After raising the temperature of the spinning solution of the production example to 50 ℃, using a spinneret (hole diameter: 100 ㎛), a coagulation tank (temperature: 50 ℃) containing a coagulating solution containing water and dimethyl sulfoxide in a weight ratio of 5:5 ) and solidified to produce spun fiber. The spun fiber was washed in water at 60°C. The circularity of the washed spun fiber was measured through SEM image analysis, and the skin-core structure was evaluated. And the results are listed in [Table 3] below.

division Example Comparative example One 2 3 4 5 One 2 3 Radiation solution A B C D E F G H X ₁ 99 99 99 99 99 99 99 99 X ₂ 37 37 37 37 37 37 37 37 X ₁ -X ₂ 62 62 61 62 62 62 62 62 Y ₁ 3.63 3.68 3.52 3.66 3.67 4.37 4.64 4.50 Y ₂ 2.99 2.90 2.91 3.17 2.96 3.32 3.11 3.33 (Y ₁ - Y ₂ ) × 1,000 640 780 610 490 710 1050 1,530 1,170 Rate of change of storage modulus 10.3 12.6 9.8 7.9 11.5 16.9 24.7 18.89

division Reference example Comparison reference example One 2 3 4 5 One 2 3 Radiation solution A B C D E F G H circularity 1.02 1.01 1.02 1.02 1.03 1.31 2.19 1.16 Skin-Core × × × × × × × ○

Referring to [Table 2] and [Table 3], the spun fibers prepared from a spinning solution with a change rate of storage modulus of 8 to 12 not only had excellent circularity, but the fibers did not exhibit a skin-core structure.
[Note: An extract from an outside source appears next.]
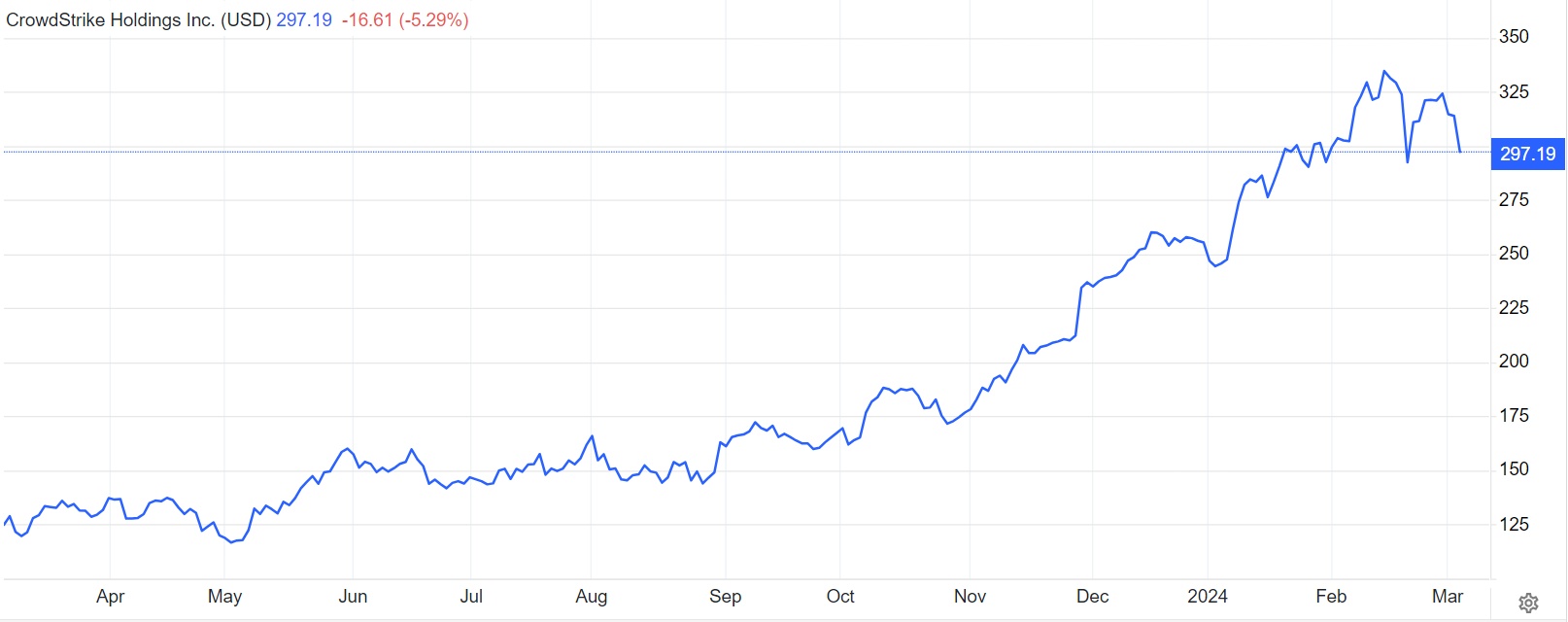 统计数据显示,继2023年暴涨超140%之后,美股“AI大牛股”之一的CrowdStrike的股价今年迄今的涨幅高达16%,主要因为投资者希望全球企业在网络安全方面的投资将继续飙升,以及期望将AI技术融入网络安全领域的CrowdStrike估值趁着全球AI投资狂潮持续提升。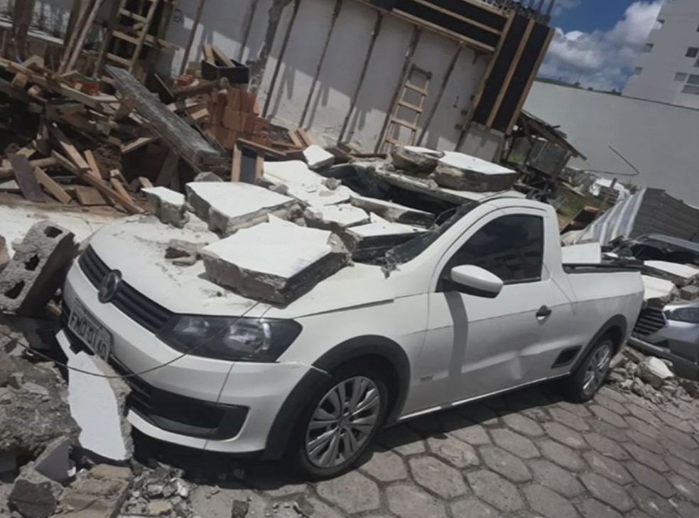 Muro de prédio em obras cai e atinge três carros em Itajubá

However, spun fibers manufactured from a spinning solution with a storage modulus change rate of 15 or more did not have excellent circularity, and when circularity was excellent, a skin-core structure appeared.

Claims (6)

Measuring the storage modulus of the spinning solution containing an acrylonitrile-based polymer and a polymer affinity solvent while passing a coagulation solution containing a polymer incompatibility solvent through one side;
Outputting the measured storage modulus value as a log scale graph according to time change;
Deriving the rate of change of the storage modulus of the spinning solution over time from the graph from the time the phase transition of the spinning solution is initiated to the time when 55 to 70 seconds have elapsed; and
A method for analyzing the coagulation phenomenon of a spinning solution, comprising the step of predicting the high and low coagulation speed of the spinning solution from the magnitude relationship between the rate of change of two or more storage moduli derived above.
In claim 1,
A method for analyzing the coagulation phenomenon of the spinning solution, wherein the storage elastic modulus of the spinning solution is measured using a storage elastic modulus measuring device including a rheometer.
In claim 2,
The storage modulus measuring device including the rheometer is
A main body equipped with a lifting bar that raises or lowers;
A container portion installed at the lower part of the lifting bar and having a receiving space therein to accommodate a coagulating solution and a filter;
An operating unit connected to the lifting bar and installed at a lower portion of a lifting plate that raises or lowers in the receiving space to pressurize the raw radiation solution; and
A method for analyzing the coagulation phenomenon of a spinning solution, comprising a control unit installed in the main body to measure the storage modulus of the spinning solution.
In claim 3,
A method for analyzing the coagulation phenomenon of a spinning solution, wherein the lifting plate is lowered until the distance from the filter is 100 ㎛ to 1 mm.
In claim 1,
A method for analyzing the coagulation phenomenon of a spinning solution, wherein the storage modulus is measured under the conditions of a temperature of 10 to 60 ℃, a frequency of 0.01 to 20 rad/s, and a strain sweep of 0.3 to 1%.
Measuring the storage modulus of the spinning solution containing an acrylonitrile-based polymer and a polymer affinity solvent while passing a coagulation solution containing a polymer incompatibility solvent through one side;
Outputting the measured storage modulus value as a log scale graph according to time change;
Deriving the rate of change of the storage modulus of the spinning solution over time from the graph from the time the phase transition of the spinning solution is initiated to the time when 55 to 70 seconds have elapsed; and
A method for producing an acrylonitrile-based spun fiber, comprising the step of spinning a spinning solution whose storage modulus change rate is measured to be 15 or less by inputting it into a spinning equipment.